What happens right after I do something that is really pleasurable and releases a lot of dopamine, my brain is going to immediately compensate by down-regulating my own dopamine receptors, my own dopamine transmission to compensate for that.
當我做了一件非常令人愉悅的事情並釋放出大量多巴胺後,我的大腦會立即通過下調我自身的多巴胺受體和多巴胺傳輸來進行補償。
And that's that come down or the hangover, that after effect, that moment of wanting to do it more.
而這就是 "下馬威 "或 "宿醉"、"後遺症"、"想要做得更多 "的那一刻。
Now, if I just wait for that feeling to pass, then my dopamine will re-regulate itself and I'll go back to whatever my chronic baseline is.
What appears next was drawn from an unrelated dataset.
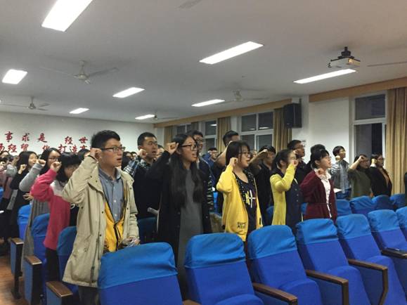 2015年11月17日,糖心视频 第十六期业余团校正式开幕。下午5点整,本期团校开班典礼在糖心视频 414报告厅隆重举行,共有140多名学员参加了开班仪式,糖心视频 团委书记王凡老师出席并致辞。主持人施庭昱同学对本期团校的各平台课程的主要内容进行了概括总结,介绍了本次团校的特色以及修读流程,带领学员们重温入团誓词。随后,王凡老师提出学生干部要实现两个结合,好高骛远和脚踏实地相结合,眼睛向外和眼睛向内相结合,希望团校学员能牢记自己的责任,珍惜团校学习的机会,积极参与社会实践,提升团干工作能力和服务水平。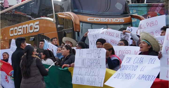 En plena vacación invernal crece la demanda de viajes, pero no hay buses debido a la falta de combustible. Hay boleteros que se quedan sin trabajo. Choferes y sus familias protestan en la puerta de la Terminal de Buses de La Paz.

現在,如果我只是等待這種感覺過去,那麼我的多巴胺就會重新自我調節,我就會回到我的慢性基線。
But if I don't wait, and here's really the key, if I keep indulging again and again and again, ultimately, I have so much on the pain side that I've essentially reset my brain to what we call like an anhedonic or lacking in joy type of state, which is a dopamine deficit state, which is akin to a clinical depression, anxiety, irritability, insomnia, dysphoria, and then nothing is enjoyable.
但如果我不等待,關鍵就在這裡,如果我一而再、再而三地放縱自己,最終,我的大腦就會承受太多的痛苦,從而重置為我們所說的失樂症或缺乏快樂的狀態,這是一種多巴胺缺乏狀態,類似於臨床抑鬱症、焦慮症、易怒、失眠、焦慮症,然後就什麼都不快樂了。
Then everything sort of pales in comparison to this one drug that I want to keep doing.
與我想繼續服用的這一種藥物相比,一切都顯得微不足道。